* [Records contained in a dataset]:
* * * * * * *

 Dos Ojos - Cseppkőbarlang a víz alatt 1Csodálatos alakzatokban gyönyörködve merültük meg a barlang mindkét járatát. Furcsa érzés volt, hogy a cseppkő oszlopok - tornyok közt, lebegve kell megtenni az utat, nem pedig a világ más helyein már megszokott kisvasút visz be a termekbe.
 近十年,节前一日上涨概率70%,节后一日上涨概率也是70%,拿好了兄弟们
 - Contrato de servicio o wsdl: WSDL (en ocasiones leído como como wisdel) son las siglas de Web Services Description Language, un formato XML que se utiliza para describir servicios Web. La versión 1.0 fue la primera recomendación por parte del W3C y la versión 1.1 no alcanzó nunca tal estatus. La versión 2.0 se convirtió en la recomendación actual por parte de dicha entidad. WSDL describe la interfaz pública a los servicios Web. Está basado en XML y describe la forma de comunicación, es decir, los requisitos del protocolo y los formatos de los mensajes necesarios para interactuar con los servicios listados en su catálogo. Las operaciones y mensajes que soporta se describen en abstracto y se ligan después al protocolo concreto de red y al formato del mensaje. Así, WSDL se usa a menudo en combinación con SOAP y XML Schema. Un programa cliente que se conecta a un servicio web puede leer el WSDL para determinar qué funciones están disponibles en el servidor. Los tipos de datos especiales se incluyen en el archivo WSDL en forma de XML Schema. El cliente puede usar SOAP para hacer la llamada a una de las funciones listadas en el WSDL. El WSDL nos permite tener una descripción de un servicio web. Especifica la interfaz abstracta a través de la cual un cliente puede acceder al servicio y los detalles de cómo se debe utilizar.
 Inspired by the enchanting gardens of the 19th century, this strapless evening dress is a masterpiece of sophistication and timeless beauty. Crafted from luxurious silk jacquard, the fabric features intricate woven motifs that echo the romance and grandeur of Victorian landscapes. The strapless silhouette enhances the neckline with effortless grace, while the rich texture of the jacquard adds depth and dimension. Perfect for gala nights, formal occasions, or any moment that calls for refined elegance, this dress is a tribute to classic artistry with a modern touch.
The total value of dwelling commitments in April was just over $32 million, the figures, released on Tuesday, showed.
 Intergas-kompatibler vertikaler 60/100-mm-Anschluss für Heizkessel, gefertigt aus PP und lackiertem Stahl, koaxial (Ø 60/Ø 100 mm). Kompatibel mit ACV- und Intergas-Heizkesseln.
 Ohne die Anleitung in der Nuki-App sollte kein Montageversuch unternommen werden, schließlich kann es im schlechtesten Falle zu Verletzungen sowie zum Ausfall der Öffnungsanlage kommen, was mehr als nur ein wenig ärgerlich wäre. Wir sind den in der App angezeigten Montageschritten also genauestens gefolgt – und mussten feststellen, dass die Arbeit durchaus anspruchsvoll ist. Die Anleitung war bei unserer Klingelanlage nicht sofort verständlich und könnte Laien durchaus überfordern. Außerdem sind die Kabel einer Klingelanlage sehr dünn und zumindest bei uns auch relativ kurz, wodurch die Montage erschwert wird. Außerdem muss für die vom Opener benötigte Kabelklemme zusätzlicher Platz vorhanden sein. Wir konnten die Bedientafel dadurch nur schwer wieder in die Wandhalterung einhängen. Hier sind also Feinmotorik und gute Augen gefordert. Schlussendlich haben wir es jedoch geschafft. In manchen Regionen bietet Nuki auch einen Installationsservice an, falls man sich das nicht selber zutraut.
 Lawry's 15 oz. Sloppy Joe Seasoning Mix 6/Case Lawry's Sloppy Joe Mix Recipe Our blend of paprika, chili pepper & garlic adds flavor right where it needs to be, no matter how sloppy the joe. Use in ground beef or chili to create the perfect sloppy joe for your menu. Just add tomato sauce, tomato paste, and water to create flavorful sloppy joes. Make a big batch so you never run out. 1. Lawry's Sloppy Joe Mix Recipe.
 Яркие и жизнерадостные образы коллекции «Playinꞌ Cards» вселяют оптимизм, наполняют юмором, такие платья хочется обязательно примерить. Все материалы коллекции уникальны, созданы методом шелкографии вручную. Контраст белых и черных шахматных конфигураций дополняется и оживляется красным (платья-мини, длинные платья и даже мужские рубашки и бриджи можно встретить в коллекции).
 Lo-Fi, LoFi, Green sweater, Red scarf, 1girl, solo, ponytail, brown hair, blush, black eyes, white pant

* * * * * * *

* [The problem]: Send back all the records above word for word.

* [Final answer]:
 Dos Ojos - Cseppkőbarlang a víz alatt 1Csodálatos alakzatokban gyönyörködve merültük meg a barlang mindkét járatát. Furcsa érzés volt, hogy a cseppkő oszlopok - tornyok közt, lebegve kell megtenni az utat, nem pedig a világ más helyein már megszokott kisvasút visz be a termekbe.
 近十年,节前一日上涨概率70%,节后一日上涨概率也是70%,拿好了兄弟们
 - Contrato de servicio o wsdl: WSDL (en ocasiones leído como como wisdel) son las siglas de Web Services Description Language, un formato XML que se utiliza para describir servicios Web. La versión 1.0 fue la primera recomendación por parte del W3C y la versión 1.1 no alcanzó nunca tal estatus. La versión 2.0 se convirtió en la recomendación actual por parte de dicha entidad. WSDL describe la interfaz pública a los servicios Web. Está basado en XML y describe la forma de comunicación, es decir, los requisitos del protocolo y los formatos de los mensajes necesarios para interactuar con los servicios listados en su catálogo. Las operaciones y mensajes que soporta se describen en abstracto y se ligan después al protocolo concreto de red y al formato del mensaje. Así, WSDL se usa a menudo en combinación con SOAP y XML Schema. Un programa cliente que se conecta a un servicio web puede leer el WSDL para determinar qué funciones están disponibles en el servidor. Los tipos de datos especiales se incluyen en el archivo WSDL en forma de XML Schema. El cliente puede usar SOAP para hacer la llamada a una de las funciones listadas en el WSDL. El WSDL nos permite tener una descripción de un servicio web. Especifica la interfaz abstracta a través de la cual un cliente puede acceder al servicio y los detalles de cómo se debe utilizar.
 Inspired by the enchanting gardens of the 19th century, this strapless evening dress is a masterpiece of sophistication and timeless beauty. Crafted from luxurious silk jacquard, the fabric features intricate woven motifs that echo the romance and grandeur of Victorian landscapes. The strapless silhouette enhances the neckline with effortless grace, while the rich texture of the jacquard adds depth and dimension. Perfect for gala nights, formal occasions, or any moment that calls for refined elegance, this dress is a tribute to classic artistry with a modern touch.
The total value of dwelling commitments in April was just over $32 million, the figures, released on Tuesday, showed.
 Intergas-kompatibler vertikaler 60/100-mm-Anschluss für Heizkessel, gefertigt aus PP und lackiertem Stahl, koaxial (Ø 60/Ø 100 mm). Kompatibel mit ACV- und Intergas-Heizkesseln.
 Ohne die Anleitung in der Nuki-App sollte kein Montageversuch unternommen werden, schließlich kann es im schlechtesten Falle zu Verletzungen sowie zum Ausfall der Öffnungsanlage kommen, was mehr als nur ein wenig ärgerlich wäre. Wir sind den in der App angezeigten Montageschritten also genauestens gefolgt – und mussten feststellen, dass die Arbeit durchaus anspruchsvoll ist. Die Anleitung war bei unserer Klingelanlage nicht sofort verständlich und könnte Laien durchaus überfordern. Außerdem sind die Kabel einer Klingelanlage sehr dünn und zumindest bei uns auch relativ kurz, wodurch die Montage erschwert wird. Außerdem muss für die vom Opener benötigte Kabelklemme zusätzlicher Platz vorhanden sein. Wir konnten die Bedientafel dadurch nur schwer wieder in die Wandhalterung einhängen. Hier sind also Feinmotorik und gute Augen gefordert. Schlussendlich haben wir es jedoch geschafft. In manchen Regionen bietet Nuki auch einen Installationsservice an, falls man sich das nicht selber zutraut.
 Lawry's 15 oz. Sloppy Joe Seasoning Mix 6/Case Lawry's Sloppy Joe Mix Recipe Our blend of paprika, chili pepper & garlic adds flavor right where it needs to be, no matter how sloppy the joe. Use in ground beef or chili to create the perfect sloppy joe for your menu. Just add tomato sauce, tomato paste, and water to create flavorful sloppy joes. Make a big batch so you never run out. 1. Lawry's Sloppy Joe Mix Recipe.
 Яркие и жизнерадостные образы коллекции «Playinꞌ Cards» вселяют оптимизм, наполняют юмором, такие платья хочется обязательно примерить. Все материалы коллекции уникальны, созданы методом шелкографии вручную. Контраст белых и черных шахматных конфигураций дополняется и оживляется красным (платья-мини, длинные платья и даже мужские рубашки и бриджи можно встретить в коллекции).
 Lo-Fi, LoFi, Green sweater, Red scarf, 1girl, solo, ponytail, brown hair, blush, black eyes, white pant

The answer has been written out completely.